Corps Security, The Series (2)(18)
I find my own lips tipping up slightly. What can I say? It’s infectious.
She takes a deep breath, holds her hands to her stomach, and closes her eyes. I watch as her lips move slightly as if she is speaking before she smiles again.
Reaching down, I adjust myself quickly before she has a chance to notice that I’m here. Once I’ve curled my arm behind my back, I silently turn the latch and lock us both inside.
“Chelcie.”
Her eyes snap open and a look a horror and panic flashes over her features before she quickly hides it. A feeling of frustration washes over me that she is once again closing herself off to me. I have not one damn clue as to why she’s been acting like this lately. At first, she would walk on eggshells around me, but then again, everyone else did as well. Then, as we got to know each other better during the weeks she spent helping me research Dominic, I felt like she had finally let those damn walls down.
That she had finally started to let me in.
And then, last week, those walls didn’t just come up; they were enforced with a strength I just couldn’t wrap my mind around.
How did things change so rapidly?
“Chelcie,” I repeat when she doesn’t make a move to talk.
“You shouldn’t be in here, Ash. Aren’t you busy?”
Ah, so this is the way she wants to play it.
“Are you jealous?” I bait.
“Ha! Hardly. I don’t want to deal with another one of your groupies.”
“I don’t have groupies, Chelcie.”
I take a few steps and mentally grin when I see her chest start to rise and fall faster. Her eyes keep darting from my face to the door behind me. I let my lips curl into a smirk at the thought of her trying to run from me.
I’m done letting her run.
“Why have you been avoiding me?”
She looks confused for a second before I see those damn walls getting thicker.
“Don’t,” I firmly state. “Do not even think about making those goddamn walls any fucking stronger, Sunshine. No more of that. Why have you been running from me? I come into a room you’re in and you leave. I call and you don’t answer. You’ve been there for weeks and now nothing.”
“I’m not running. I’ve been busy.”
“You can’t even look me in the eye, so don’t give me that line of crap.”
Her eyes narrow, and I watch in rapt fascination as she stands a little straighter, marches right up to me—toe to toe—and jams her finger into my chest. “You . . . you SHIT! Why would I want to be around you, Asher? Huh? So you can throw some more insults at me? So you can show me just how little you think of me, of our friendship?! Or maybe, just maybe, I need another little self-esteem knockdown.”
When she stops talking, her cheeks are flushed, her chest is moving even quicker than it was before, and those eyes I love so much are blazing with her anger. What in the hell did I miss here?

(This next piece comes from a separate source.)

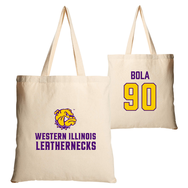 Western Illinois University Football Tan Canvas Tote Bag - #90 Mayo Bola

“Uh, Sunshine, I have no clue what you are referring to.”
“Of course you don’t, Ash. How could you possibly remember something that happened when you were so drunk you couldn’t even stand up straight? Let me ask you this. Do you remember what happened to give you all those damn claw marks on your body? Don’t even think about lying to me either. Let me guess. Another one of your skin-and-bones groupies?”
“I don’t have groupies!” The words are heavy with the angry power I feel forming in my gut.
“Yeah, okay, then you have an army of sluts. Easy bitches that you fuck every day or hour—I don’t know. But I know I’m sick of watching it.” She rolls her eyes, but not before she can hide the flash of pain.
“And why is that, Chelcie? Is it because you wish it was you? Because let me tell you, I wish it was you. Every. Single. Time.”
Her gasp echoes against the walls. Even the noises from outside the door of the busy restaurant seem to mute themselves. It’s just us in here.
These are the moments you look back on when you’re knocking on Death’s door and smile. These are the moments when you can just feel in your gut that something life changing is happening.
And I thank Christ that I’m sober enough to remember this.
“That’s right, Chelcie. You. Do you really want to know how I got scratched up? It’s because the last woman I had, unfortunately, didn’t like it when I said your name when I came. I can’t change the past, and Lord knows I’m no monk, but I’m done. Done with the drinking, the other women, and I’m damn sure done fighting this attraction we’ve both been dancing around for three long months.”
She gasps, and using it to my advantage, I crash my lips down to hers.